Rocinante alzò un sopracciglio, ben sapendo che il suo figlioccio aveva problemi a dormire e non riusciva a stare a letto per più di quattro ore.
“Come scusa fa un pochino schifo” rispose guardando preoccupato la porta, preso dal terrore che Doflamingo potesse scoprirlo.
“Non...non è una scusa. Senti, ora non posso spiegarti, se arrivo nelle prossime ore mi ucciderà lo stesso, vero?”
“Speravo fossi già scappato in Messico. Se vuoi venire qui devi avere una buonissima offerta di pace”
“Digli che per farmi perdonare porto Eustass-ya”
“Chi?”
“La mia anima gemella”

Rocinante deglutì immaginandosi già la villa esplodere e suo fratello ridere su una montagna di cadaveri.
“Sei proprio sicuro?”
“No. Ma è questo coglione che ha insistito, quindi prendo due piccioni con una fava.

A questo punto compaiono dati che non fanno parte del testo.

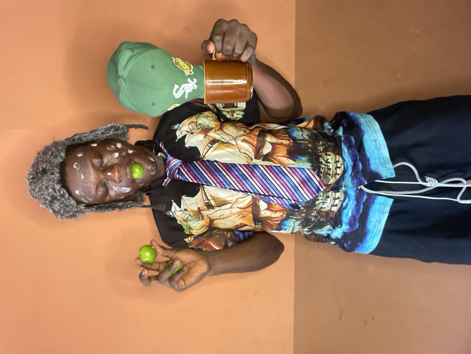 An individual stands against a two-tone wall, orange-brown in the upper section and a darker brown below, in Mosafejaw, Nigeria. The person wears a grey, furry ear-flap hat and a short-sleeved collared shirt depicting sailing ships on an orange-brown background transitioning to blue waves at the bottom, paired with black shorts featuring a white drawstring. A multi-striped necktie (purple, blue, white) is loosely tied over the shirt. White, dot-like markings are present across the closed eyes, forehead, cheeks, and nose. A small green spherical object is held between the lips. The right hand grasps two additional small green spherical objects. The left hand holds a brown ceramic mug, from which an inverted green baseball cap, featuring a white "SOX" logo and yellow accents, emerges.

Ah, Cora-san?”
“Dimmi”
“Chiama Wani-ya”



-



Crocodile si accese un sigaro godendosi la calma del suo appartamento; quel giorno non aveva piani, poteva farsi un bagno caldo e guardarsi un film sulla televisione a 42 pollici.
Quando sentì il telefono vibrare si bloccò.
“Rocinante, spero sia importante”
“Mio fratello ride da solo, Law non si è presentato a pranzo, ma tra un po’ viene qui con la sua anima gemella”
“Direi che hai un bel problema”
“Ha cominciato a parlare di telenovelas spagnole”
“Arrivo”

Perché entrambi sapevano che Doflamingo aveva due stadi prima di esplodere: il primo, quando cominciava a citare serie che guardava solo lui e dalla trama discutibile (quasi tutte spagnole); il secondo, quando cominciava a cantare canzoni più o meno datate.
Dancing Queen era una chiara sentenza di morte.

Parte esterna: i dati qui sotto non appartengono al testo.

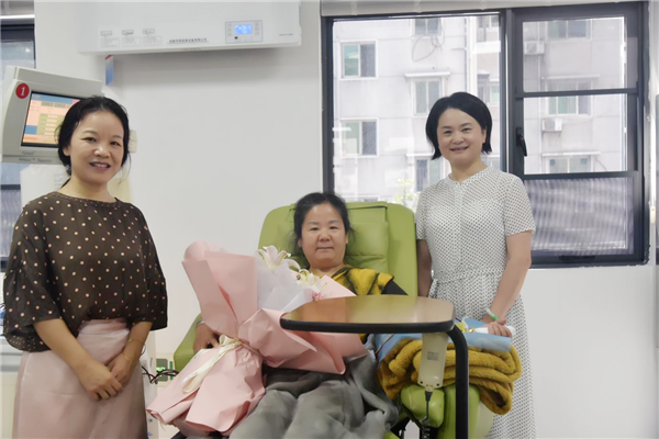 7月12日早上6点,家住职教城的李大庆骑着“小电驴”赶到了位于天元区的血站机采室。今天对李大姐来说是个特殊的日子,这是她的第一百次献血,也是她参加无偿献血的15周年纪念日。血站党总支书记、站长刘昕晨(右),副站长刘娟(左)来到现场为她献上了鲜花,表示感谢。

Crocodile prese sigari e accendino e indossò il cappotto sospirando.
Le cose si stavano complicando.

Entrò in auto e girò la chiave, dirigendosi alla Residenza Donquixote.



-



Doflamingo, stufo di parlare del Segreto e di Un Paso Adelante, si alzò sotto lo sguardo terrorizzato del fratello e prese il Nintendo.

Il telefono suonò di nuovo e lui accese il bluetooth dell’auto, così da non dover accostare per rispondere.

“Cosa c'è?”
“Dimmi che sei quasi arrivato”
“Rocinante, calmati”

Per tutta risposta il biondo allungò il cellulare avvicinandolo al fratello e Crocodile sentì la voce di Doflamingo risuonare nell’abitacolo.
“Calmo dici” commentò mentre in sottofondo si sentiva il fenicottero cantare “Non dirmi di stare calmo, l’ultima volta che si è messo a cantare ha ucciso a mani nude quattro persone e ha sparato in testa a due, non posso calmarmi”
“Hellooo from the other siiiiiideeee”

Crocodile sbatté le palpebre e la sua mente materializzò la scena di parecchi anni prima, con il biondo che rompeva l’osso del collo ad un uomo come se avesse appena spezzato a metà un cracker.
Si ritrovò a spingere il piede sull’acceleratore più forte che poteva.














 



Angolo dell'Autrice:

Salve a tutti! so che sono in mega ritardo, ma in queste settimane ho avuto parecchio da fare e zero tempo di scrivere e aggiornare. Spero che con questo capitolo mi perdonerete.
Tra poco avverrà il fatidico incotro tra Kidd e Doflamingo e scopriremo cosa vuole fare il fenicottero al rosso. Intanto scopriamo che al Donquixote maggiore piacciono le telenovelas e canta quando sta per commettere un omicidio, tanto da preoccupare Roci e Crocodile.
Kidd alla fine ha usato il cervello ed è riuscito a prendersi una piccola rivincita nei confronti del bel dottore. E Shanks? Vedremo...

Grazie a tutti quelli che, nonostante i ritardi, mi leggono ancora.